(DATA FOR REVIEW begins)
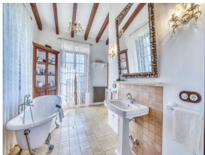
Spacious bathroom with bath tub

All information is correct to the best of our knowledge. Errors and prior sale excepted. This prospectus is purely for information purposes. Only the notarized deed of sale is legally binding.
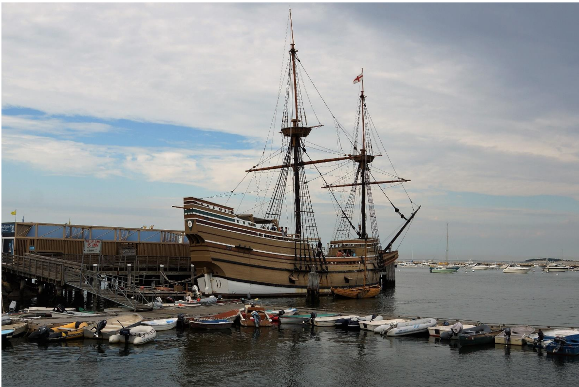
The Pilgrim ship Mayflower in Plymouth. A monument to people seeking freedom to worship as they wished, and the tremendous struggles they had to overcome.
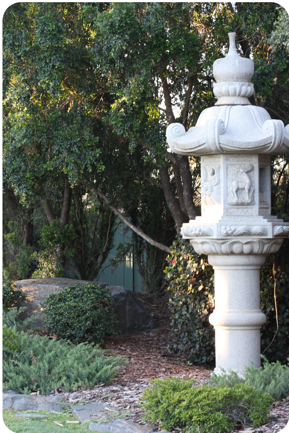
Blackwater Japanese Garden
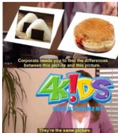
Figure 2. “Nothing beats a jelly-filled donut.”

For instance, Figure 2 shows an instance of the “They’re the same picture” meme, a simple two-panel format that parodies a scene from the popular NBC sitcom The Office in which an employee presents another with two identical images but claims that there are several differences (Lieberstein & Blitz, 2011). The meme format is often used to compare two similar objects. Here, the meme is critiquing 4Kids Entertainment, the company that produced the English dubs of the Pokémon (Grossfeld, Kahn, Kenji, Kenny, & Tsunekazu, 1997–present) anime for American audiences. In the original scene, the characters eat several rice balls, but in the English scene, the audio was dubbed as “jelly-filled donuts” despite the animation remaining unchanged (Atsuhiro & Shigeru, 1998). This particular meme instance requires significant context to understand it. Its humor arises more so from the references and cultural context and not necessarily from the specific visual elements of the image. Thus, high quality and high fidelity are not necessarily important for comprehension because the hastily edited image components are recognizable enough for many viewers.
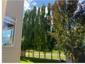
Beautiful Green Private Back Yard
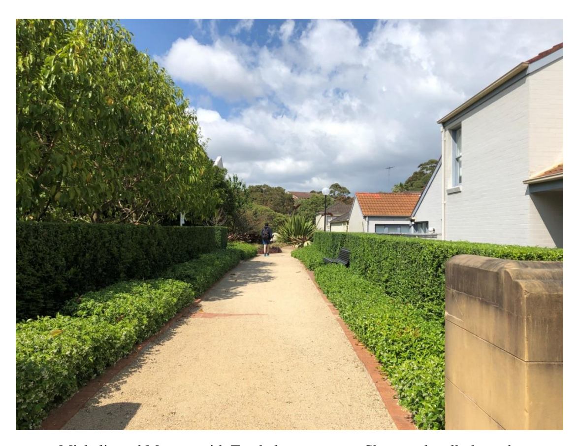
Michelia and Muraya with Trachelospermum at Sherwood walk through.
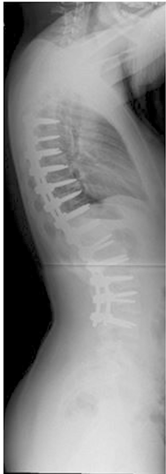
Figure 9 Post-operative image of the same patient at our institution.
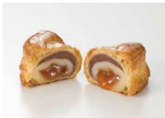
Main Building 1F Café
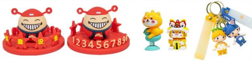
3D promotional product
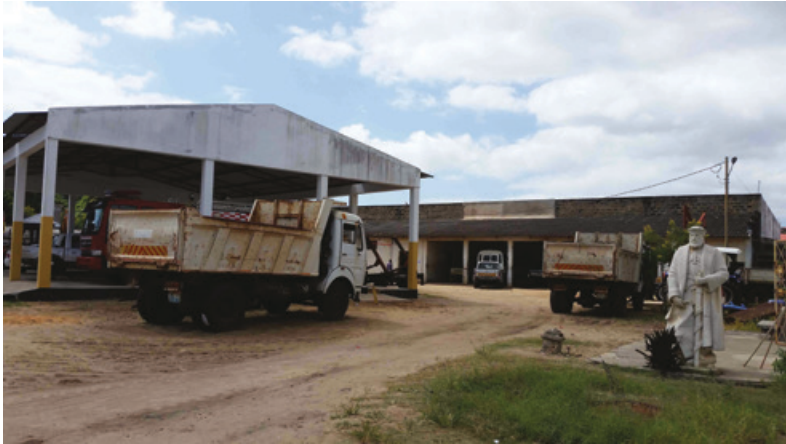
Figure 5.4 Statue of Vasco da Gama at a garage in Inhambane.

Gama, who stopped there on his way from Portugal to India in 1498, has been moved to the courtyard of a garage (see Figure 5.4 ). Although it is hidden, it is still a stop on local tours. If the government's primary motivation were anti-colonial, it would have been easy to destroy the statue. Although a number of colonial statues were demolished or damaged just before and right after Mozambique's independence, in a second period, the government has aimed to preserve some of these statues. For some, the aim of such an approach is to configure a national identity that has fewer voids, and requires both memory and oblivion (De Sousa, 2019).
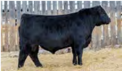
RH 916G Kodak Black 226K - Service Sire
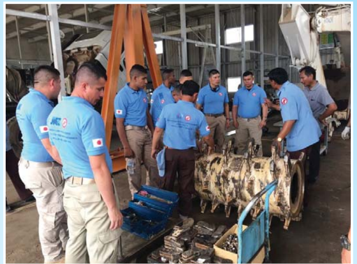
Colombian experts at the Central Workshop
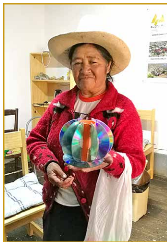
Pencil holder made by Pallasca woman
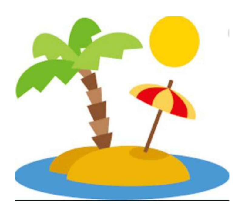
Have a great summer!

When you are finished, you may use the following website to preview our 1st few units in math 7: https://gavirtual.instructure.com/courses/34330
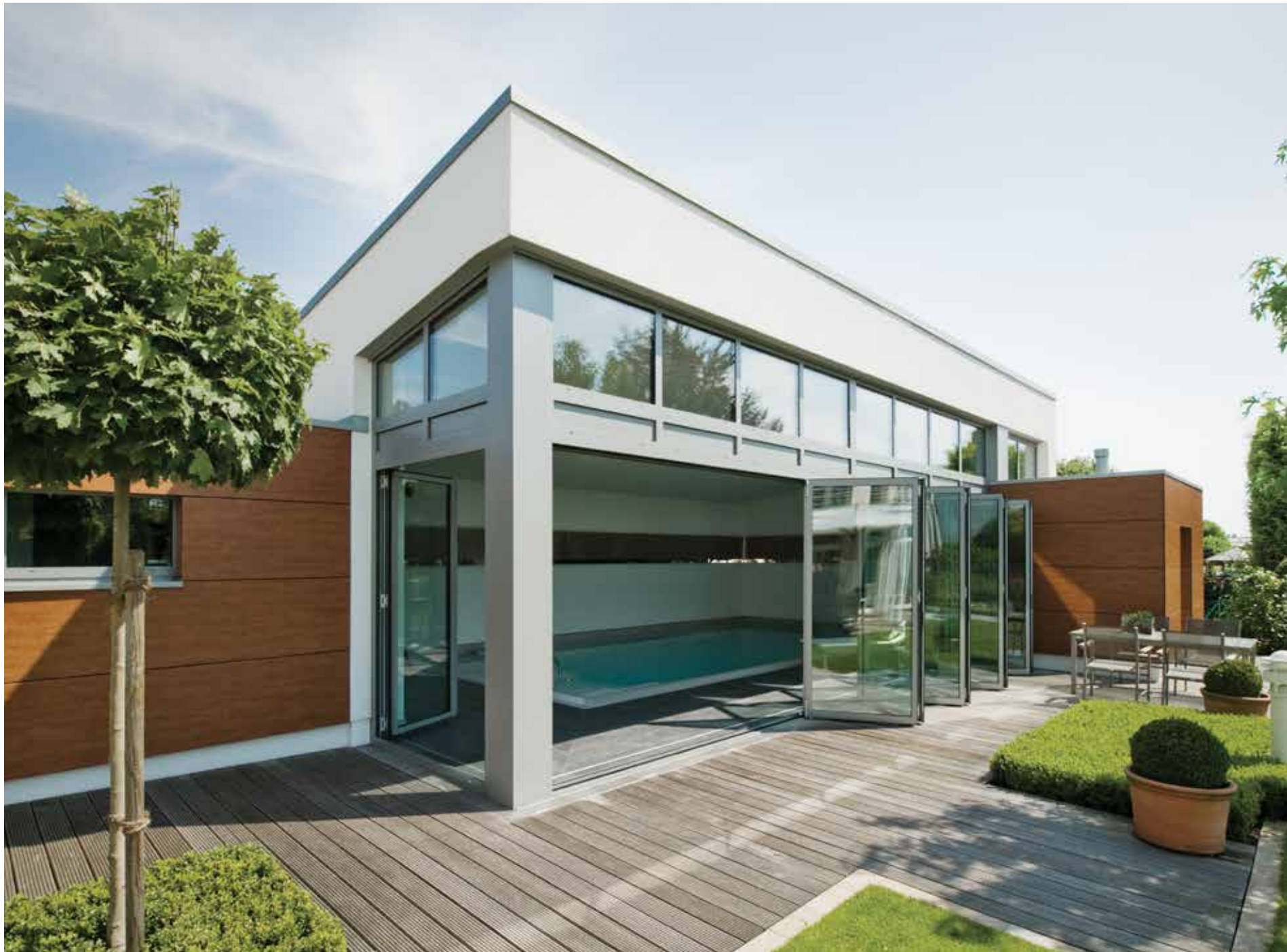
Bring air and light to your pool · Nottuln, Germany
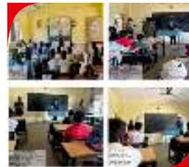
International Literacy Day at SSBF
(DATA FOR REVIEW ends)
With pictures excluded, the lines running from the one containing "3D promotional product" through the last line of the records above are to be restated exactly and in full.

3D promotional product
Figure 5.4 Statue of Vasco da Gama at a garage in Inhambane.

Gama, who stopped there on his way from Portugal to India in 1498, has been moved to the courtyard of a garage (see Figure 5.4 ). Although it is hidden, it is still a stop on local tours. If the government's primary motivation were anti-colonial, it would have been easy to destroy the statue. Although a number of colonial statues were demolished or damaged just before and right after Mozambique's independence, in a second period, the government has aimed to preserve some of these statues. For some, the aim of such an approach is to configure a national identity that has fewer voids, and requires both memory and oblivion (De Sousa, 2019).
RH 916G Kodak Black 226K - Service Sire
Colombian experts at the Central Workshop
Pencil holder made by Pallasca woman
Have a great summer!

When you are finished, you may use the following website to preview our 1st few units in math 7: https://gavirtual.instructure.com/courses/34330
Bring air and light to your pool · Nottuln, Germany
International Literacy Day at SSBF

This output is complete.